> [TASK DETAILS] Every entry should come back exactly as written, minus the pictures.

——

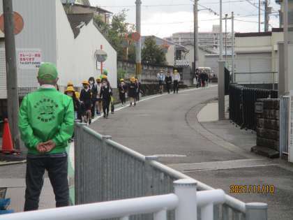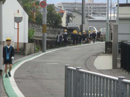 今朝の登校の様子です。冷たい風が吹いて寒い朝です。
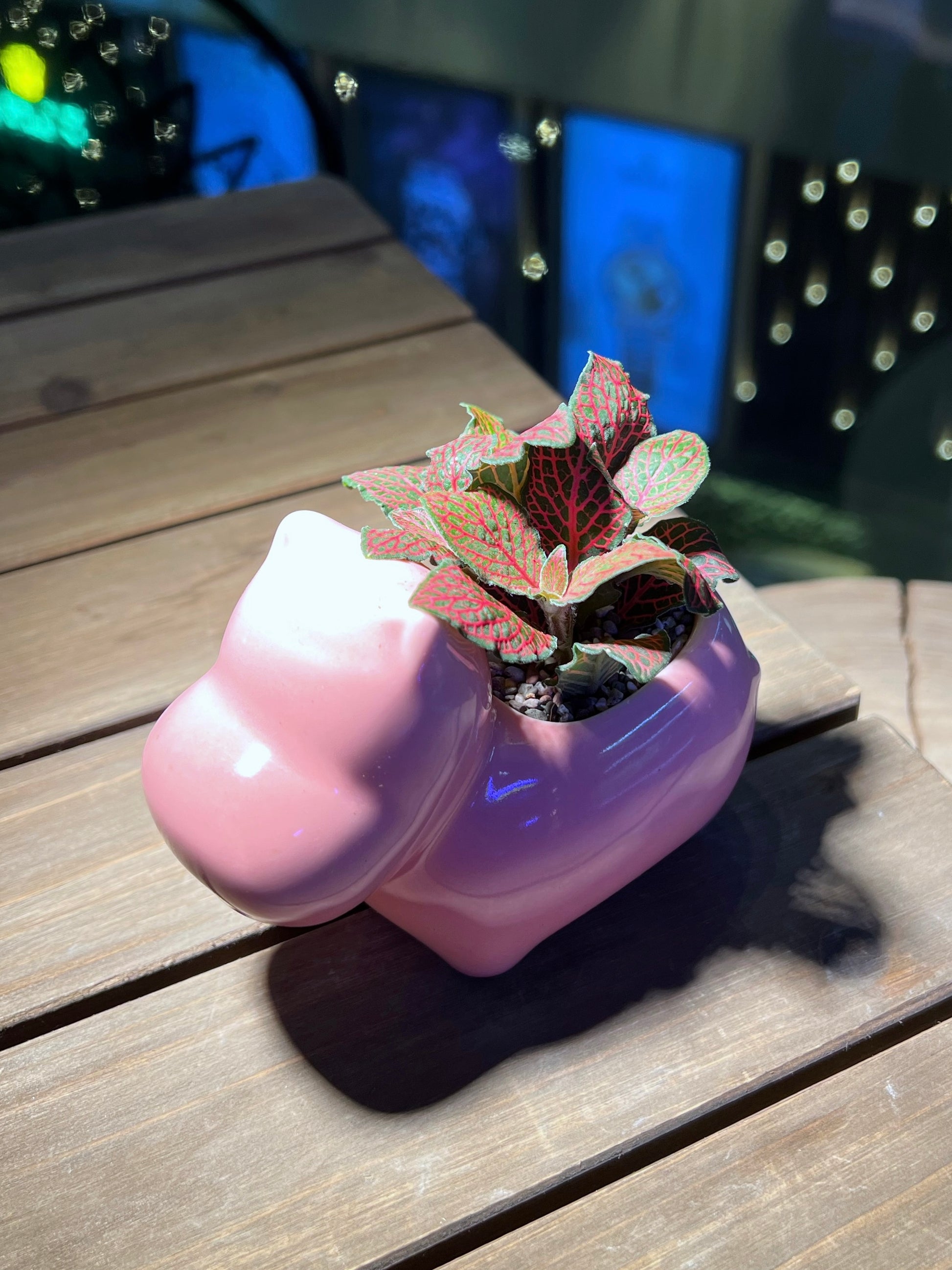 Fittonia in Pink Hippopotamus Ceramic Pot
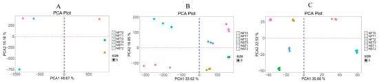 Principal component analysis (PCA) of (A) detected sites in methylation sequencing, (B) detected genes in transcript sequencing, and (C) detected proteins in proteomics sequencing.
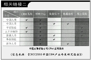 據(jù)某IT媒體2002年末的調研,只有不到1/5的中國保險公司擁有客戶關系管理系統(tǒng),但是近六成的保險公司計劃在近期內實施CRM;另一份調查則顯示中國保險業(yè)過去3年的IT投入平均達到9.36億元,幾乎所有的保險公司都在從不同側面開展CRM建設。CRM在中國保險業(yè)的應用,到底是處于落伍還是冒進狀態(tài),成為一個意味深長的話題。
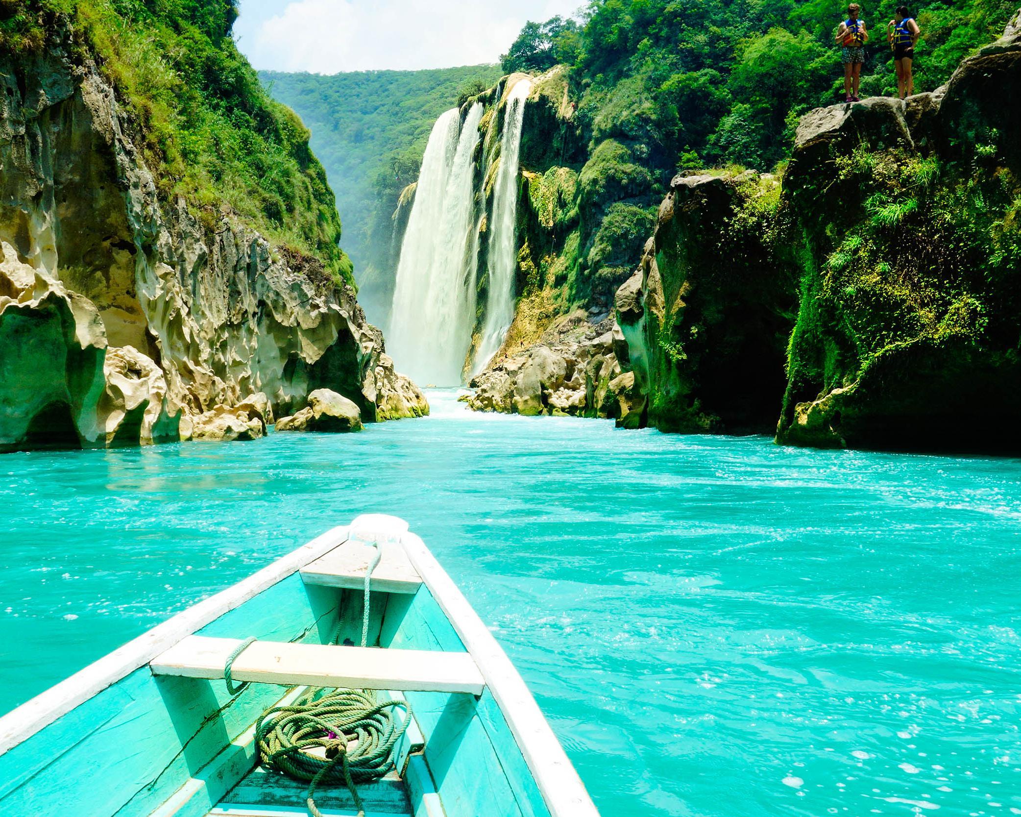 VISITAMOS: LAGUNA MEDIA LUNA, PUENTE DE DIOS, CASCADA TAMUL Y CUEVA DEL AGUA, CASCADA TAMASOPO, CASCADA MICOS, JARDIN SURREALISTA DE SIR EDWARD JAMES Y MAS…
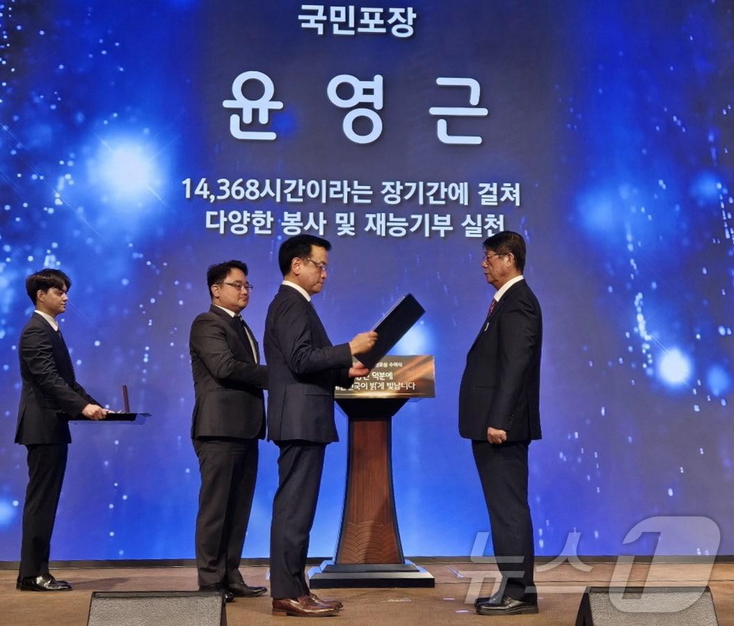 50여년 동안 5000여회 봉사활동 공적 인정받아윤 씨 "쓰임 받을 수 있는 존재 되는 것 목표"최상목 대통령 권한대행 부총리 겸 기획재정부 장관이 지난 14일 서울 용산구 전쟁기념관 피스앤파크 컨벤션센터에서 열린 제14기 국민추천포상 수여식에서 윤영근 씨(오른쪽)에게 국민포장을 수여하고 있다.관련 키워드창원시퇴직공무원윤영근국민포장수상강정태 기자 박완수 경남지사 "부산과 행정통합 최종 결정은 주민투표로"SNT홀딩스, 스맥 대규모 자사주 처분에 반발…"배임적 행위"

——

> [ANSWER TO THIS TASK]
 今朝の登校の様子です。冷たい風が吹いて寒い朝です。
 Fittonia in Pink Hippopotamus Ceramic Pot
 Principal component analysis (PCA) of (A) detected sites in methylation sequencing, (B) detected genes in transcript sequencing, and (C) detected proteins in proteomics sequencing.
 據(jù)某IT媒體2002年末的調研,只有不到1/5的中國保險公司擁有客戶關系管理系統(tǒng),但是近六成的保險公司計劃在近期內實施CRM;另一份調查則顯示中國保險業(yè)過去3年的IT投入平均達到9.36億元,幾乎所有的保險公司都在從不同側面開展CRM建設。CRM在中國保險業(yè)的應用,到底是處于落伍還是冒進狀態(tài),成為一個意味深長的話題。
 VISITAMOS: LAGUNA MEDIA LUNA, PUENTE DE DIOS, CASCADA TAMUL Y CUEVA DEL AGUA, CASCADA TAMASOPO, CASCADA MICOS, JARDIN SURREALISTA DE SIR EDWARD JAMES Y MAS…
 50여년 동안 5000여회 봉사활동 공적 인정받아윤 씨 "쓰임 받을 수 있는 존재 되는 것 목표"최상목 대통령 권한대행 부총리 겸 기획재정부 장관이 지난 14일 서울 용산구 전쟁기념관 피스앤파크 컨벤션센터에서 열린 제14기 국민추천포상 수여식에서 윤영근 씨(오른쪽)에게 국민포장을 수여하고 있다.관련 키워드창원시퇴직공무원윤영근국민포장수상강정태 기자 박완수 경남지사 "부산과 행정통합 최종 결정은 주민투표로"SNT홀딩스, 스맥 대규모 자사주 처분에 반발…"배임적 행위"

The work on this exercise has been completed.